Blog

Understanding Data Drift and Model Drift: Drift Detection in Python

Navigate the perils of model drift and explore our practical guide to data drift monitoring.

Updated Jan 2023 · 9 min read

"Drift" is a term used in machine learning to describe how the performance of a machine learning model in production slowly gets worse over time. This can happen for a number of reasons, such as changes in the distribution of the input data over time or the relationship between the input (x) and the desired target (y) changing.

Drift can be a big problem when we use machine learning in the real world, where data is often dynamic and always changing. This article will deep dive into why models drift, different types of drift, algorithms to detect them, and finally, wrap up this article with an open-source implementation of drift detection in Python.

What is Drift?

Machine learning models are trained with historical data, but once they are used in the real world, they may become outdated and lose their accuracy over time due to a phenomenon called drift. Drift is the change over time in the statistical properties of the data that was used to train a machine learning model. This can cause the model to become less accurate or perform differently than it was designed to.

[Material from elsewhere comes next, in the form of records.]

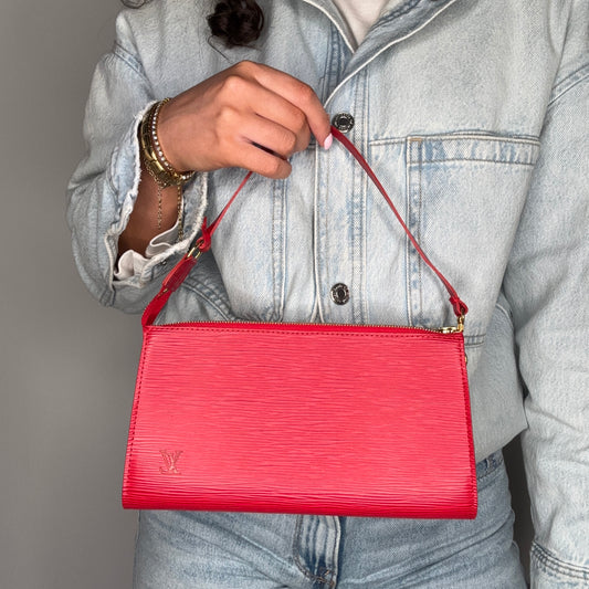 Louis Vuitton Pochette Accessoires Rouge Epi Leather Vintage SD0053
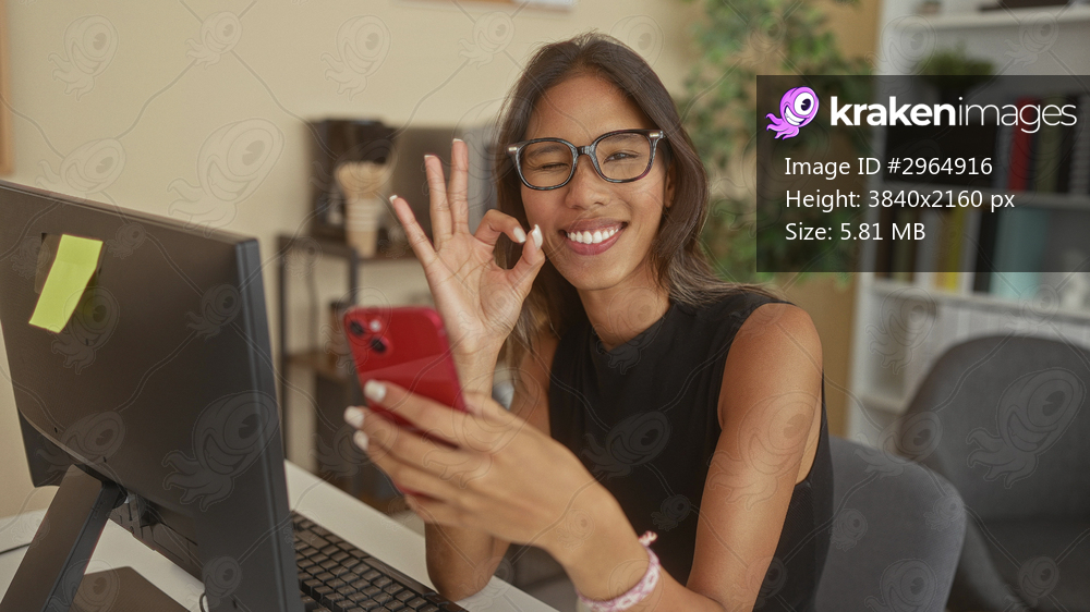 Thai woman with glasses holding red smartphone and making ok sign while seated at desk with monitor and keyboard in office building; remote work joy.
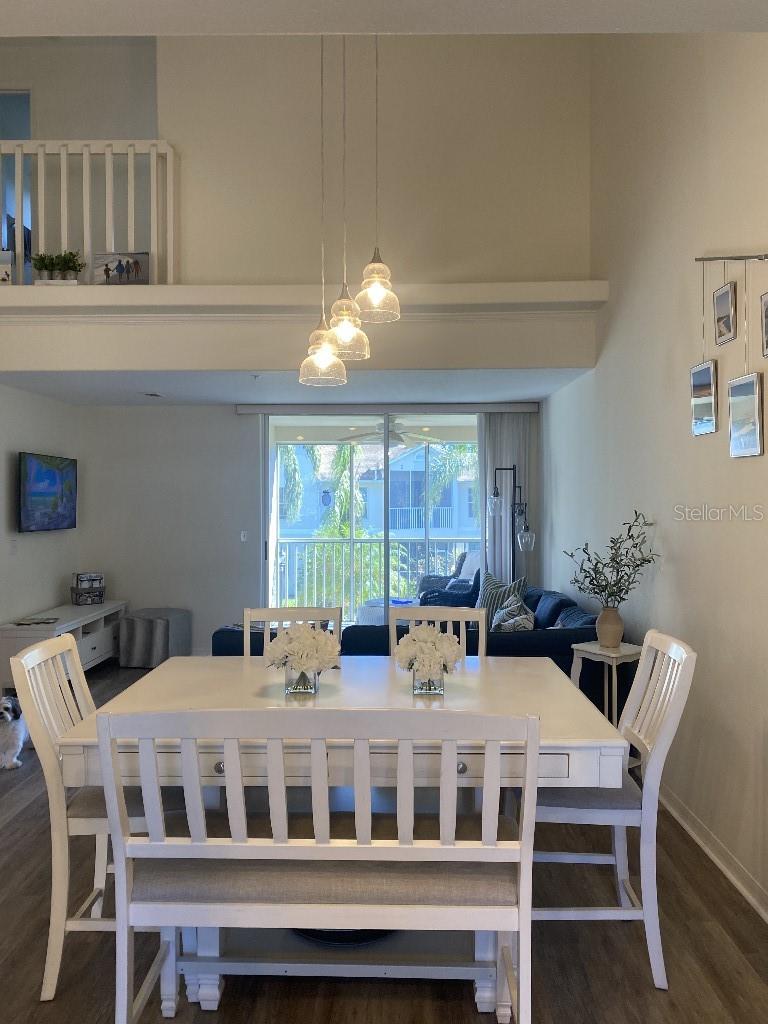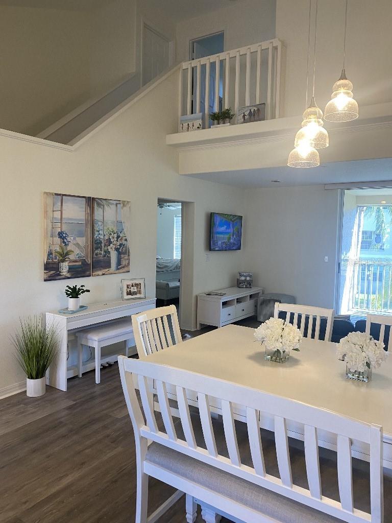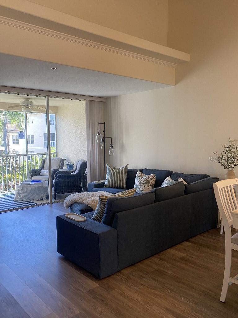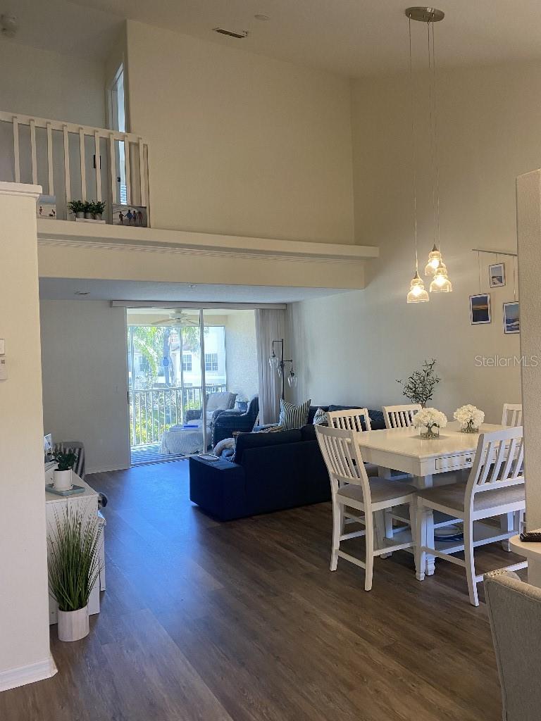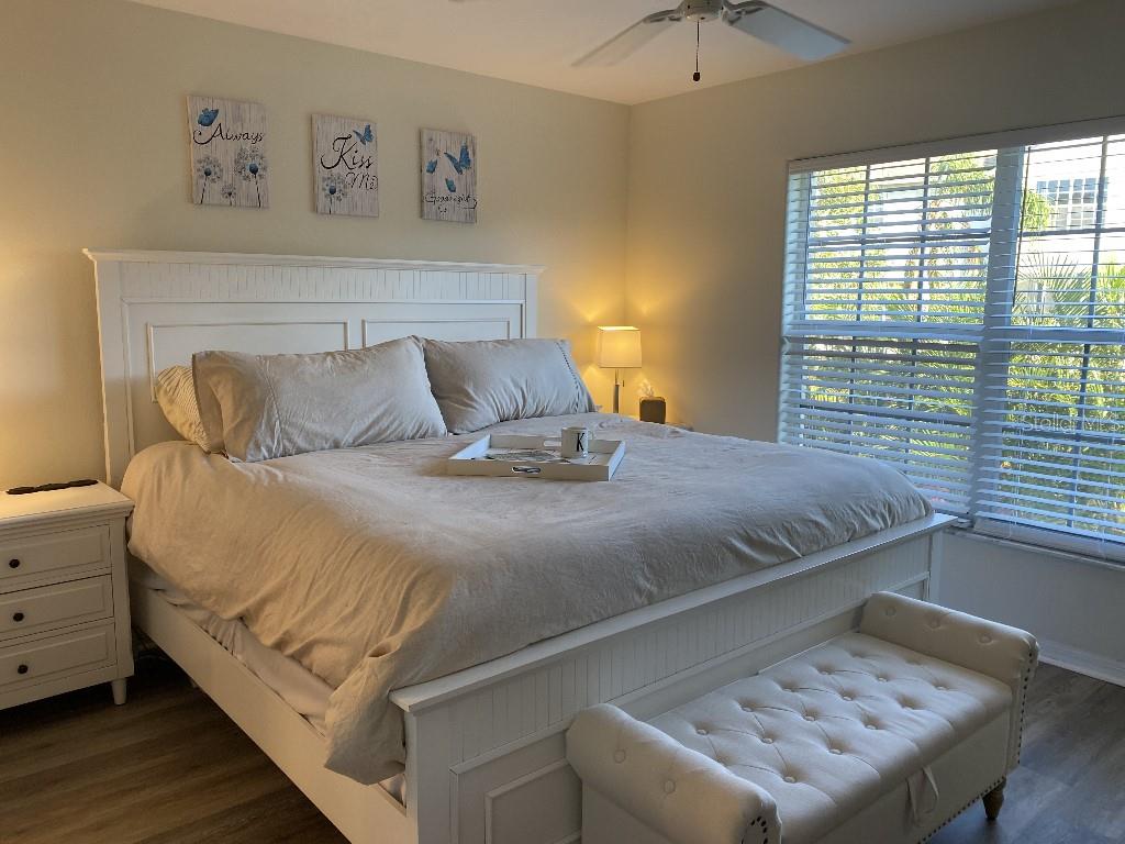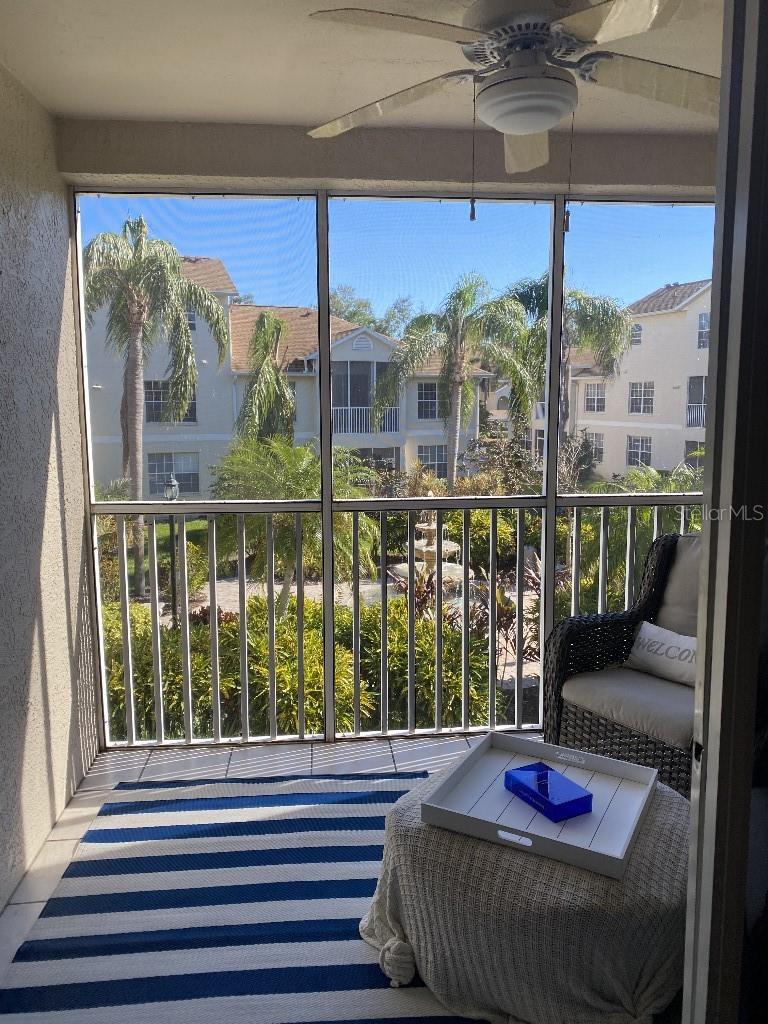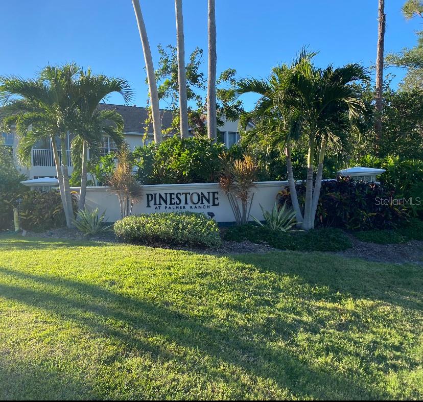 The ONLY 3 bedroom plus den available in the entire development, custom-built by the builder! Direct fountain/garden view, gated community, Upstairs there are two bedrooms and a full bathroom, The main floor features the master bedroom, a full bathroom with a spa tub and separate shower, kitchen, den, living room, dining room, laundry, and more. This second-floor townhouse-style condominium is maintenance-free. It boasts soaring ceilings, walk-in closets, a pantry, a breakfast bar, a full-size washer and dryer, replumbed features. Updated vinyl flooring, quartz countertops in kitchen and new appliances, all in 2022. There is ample storage with two walk-in closets, a kitchen pantry, and additional attic space. This condo has an assigned covered parking space directly in front of condo. It is conveniently located near the clubhouse and set in a park-like environment. The amenities at Pinestone are unmatched, including a large 'olympic' sized heated swimming pool with a spacious deck area, tables, chairs, lounges, umbrellas, a wet bar, BBQ grills, and a covered picnic area. Additionally, there are two lighted tennis courts, half basketball court, pickleball setting, shuffle board and bocce ball areas, hot tub/spa, gym/fitness room, billiard room, card room, 32-seat movie theater, library, on-site manager's office, and more. Pinestone is a gated community situated in the heart of Palmer Ranch, just a few miles from Siesta Key, other beaches, restaurants, shopping, grocery stores, and more. This condo currently has a home warranty with First American and the remainder is transferrable.
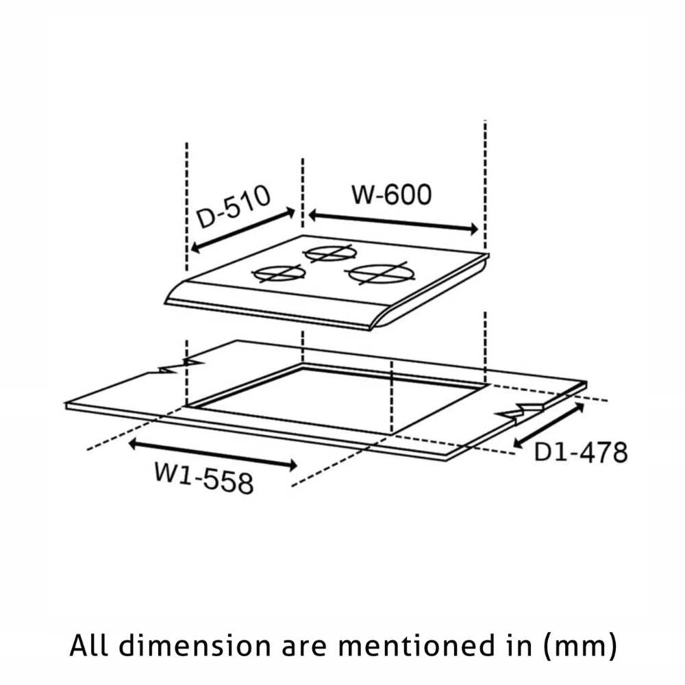 - Spacious Layout : With 600 x 510 mm Spacious layout along with three burners allows you to multitask and cook multiple dishes simultaneously, saving time and effort.
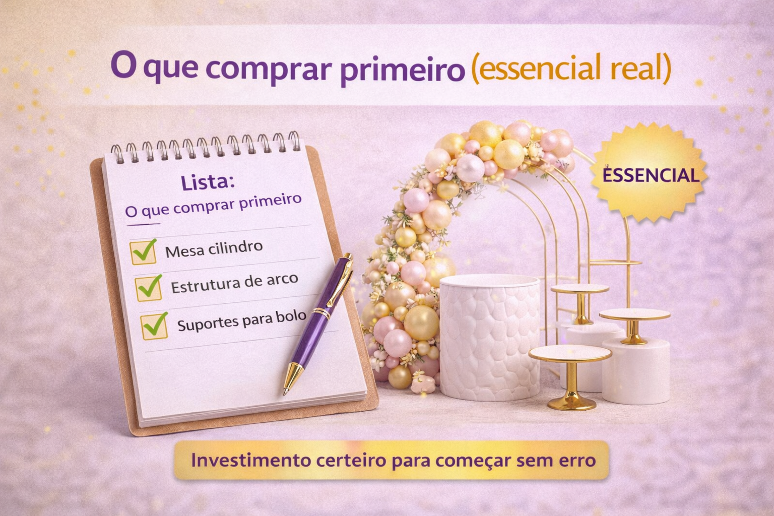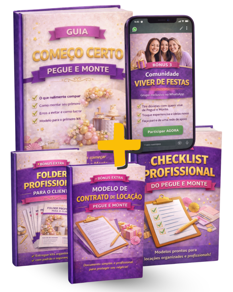 Mesmo começando do zero, você vai descobrir o que realmente é essencial para montar seu primeiro kit Pegue e Monte, evitando compras impulsivas e criando uma base que permite começar a fazer suas primeiras locações com mais segurança.

In other words, "drift" is the decline in a model's ability to make accurate predictions due to changes in the environment in which it is being used.

Why do Machine Learning Models Drift?

There are several reasons why machine learning models can drift over time.

One common reason is simply that the data that the model was trained on becomes outdated or no longer represents the current conditions.

For example, consider a machine learning model trained to predict the stock price of a company based on historical data. If we train the model with data from a stable market, it might do well at first. However, if the market becomes more volatile over time, the model might not be able to accurately predict the stock price anymore because the statistical properties of the data have changed.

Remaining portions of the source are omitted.